An Opportunity for Residents to Make Change

At the overspill table, which sat empty before the capacity crowd dictated otherwise, Meloney, Cousar and West Park neighbors pore over a district map big enough to function as a tablecloth.

Armed with green, purple and red markers, they brainstorm, compliment, complain and identify physical challenges and barriers encountered in their communities, issues they want the city to address, things they want more of in town and things they love most about the place they call home.

Home to The Philadelphia Zoo, Memorial Hall and Fairmount Park, the district is comprised of West Parkside, Cathedral Park, Wynnefield, Belmont Village, Wynnefield Heights and East Parkside. Overbrook Farms, Green Hill Farms and Overbrook Park are also included in the district, and all three are listed on the National Register of Historic Districts. Based on the 2010 Census data, districts' geographies are neighborhoods grouped together with similar development patterns and issues.

"Breaking out into groups with big maps on tables makes a game out of it with game pieces and markers," says Meloney. "But this is our chance to go through and get the planning process right, change the way planning works in the city for the foreseeable future."

Fanning around the banquet room are city planning managers, staffers and officials embedded at each table elbow-to-elbow with vocal residents eager to talk, be heard and recorded, seizing the opportunity to impact the direction of their environment in the hope that major improvements to their respective communities will last decades.

Development projects already underway include 54 properties at 52nd and Parkside Avenue being converted into a mixed-use zone for senior housing, restaurant, retail space, gardens and apartment building, and a new bus turnaround area at 50th Street which will be completed within the next few months.

Living in the district since the late 1970s, Cassandra Savage, 60, resides at the 4800 block of Merion Avenue and actively participates at Meloney's table, contributing experiences and making recommendations next to neighbors that a facilitator documents. She promises she and her friends will better organize before the next public meeting, and expresses frustration for West Park looking down the road.

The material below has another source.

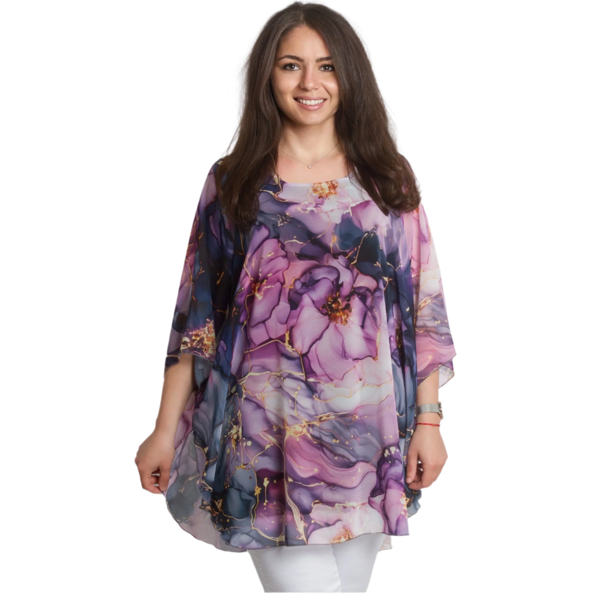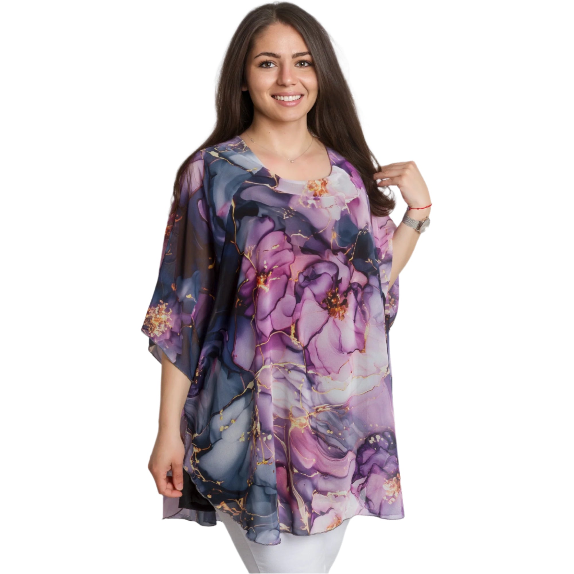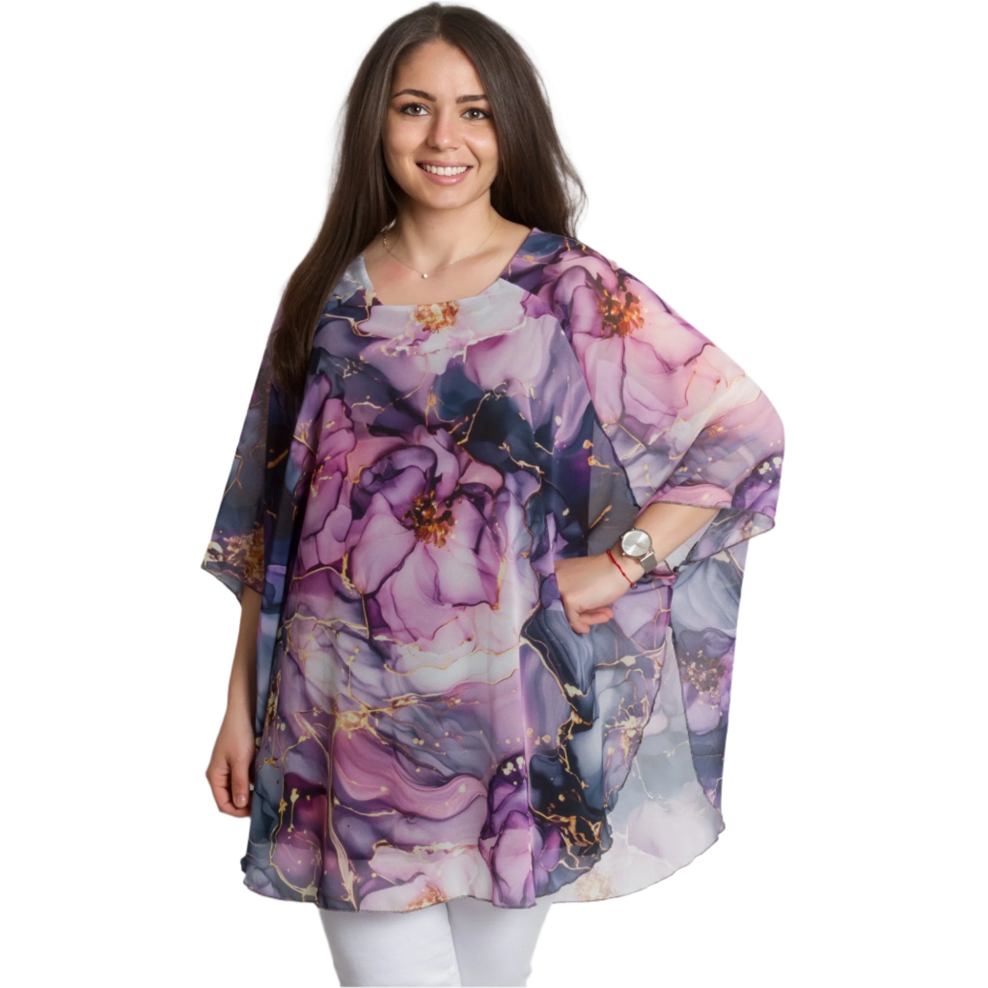 Transformă-ți look-ul cu această tunică elegantă impresionantă, din șifon în culori iridescente și un model floral romantic. Confecționată din viscoză fină cu elastan pentru confort suplimentar și libertate de mișcare. Stratul ușor de șifon adaugă aerisire și eleganță, iar croiala lejeră este potrivită pentru doamnele cu forme magnifice. Potrivită atât pentru ocazii formale, cât și pentru ieșiri elegante de primăvară-vară.

"I remember that we had the ACME, we had the bank, we had businesses. Now you have too much of nothing here. Everything started going, going, going," she says. "Nobody can fix anything until you bring some things back here. You gotta get people jobs. We as a whole, living in that community, need to put a better effort forward."

"A lot of things that used to be an easy fix years ago the city has made hard today," she continues. "They need to go back to cleaning the alleys every so often; they need the rat patrol."

Work Already Happening in Some Neighborhoods

In East Parkside, where Robert Cousar's immediate family has been living since the mid-1940s, he remembers as a kid walking around the neighborhood, seeing doctors' offices, restaurants, shops and other mainstays that standard, busy, diverse communities can take for granted.

Now in his mid-40s and a private developer partnered with community groups, Cousar has a half-dozen projects in the works through his Sustainable Construction Corporation. He hopes they will mark a return to those days.

"Over the next few years, we will definitely become one of the great places to live in Philadelphia. A rising tide floats all boats," he says. "We used to have what they call now a 'walkable community' and we're working to bring that back."

"Moving forward together," Cousar explains, is working with Meloney on the West Park district plan since its inception, providing the city planner with the master plan he and community leaders created for East Parkside a few years ago. District plans are larger than neighborhood plans, highlighting issues and attractions of citywide and regional importance.

"The community devised its own master plan, and they understood if they didn't do something to revitalize themselves to stay, they were out," he says. "So they came up with a plan that worked where it helped existing residents by creating jobs, creating a tourist commercial corridor and getting rid of blight.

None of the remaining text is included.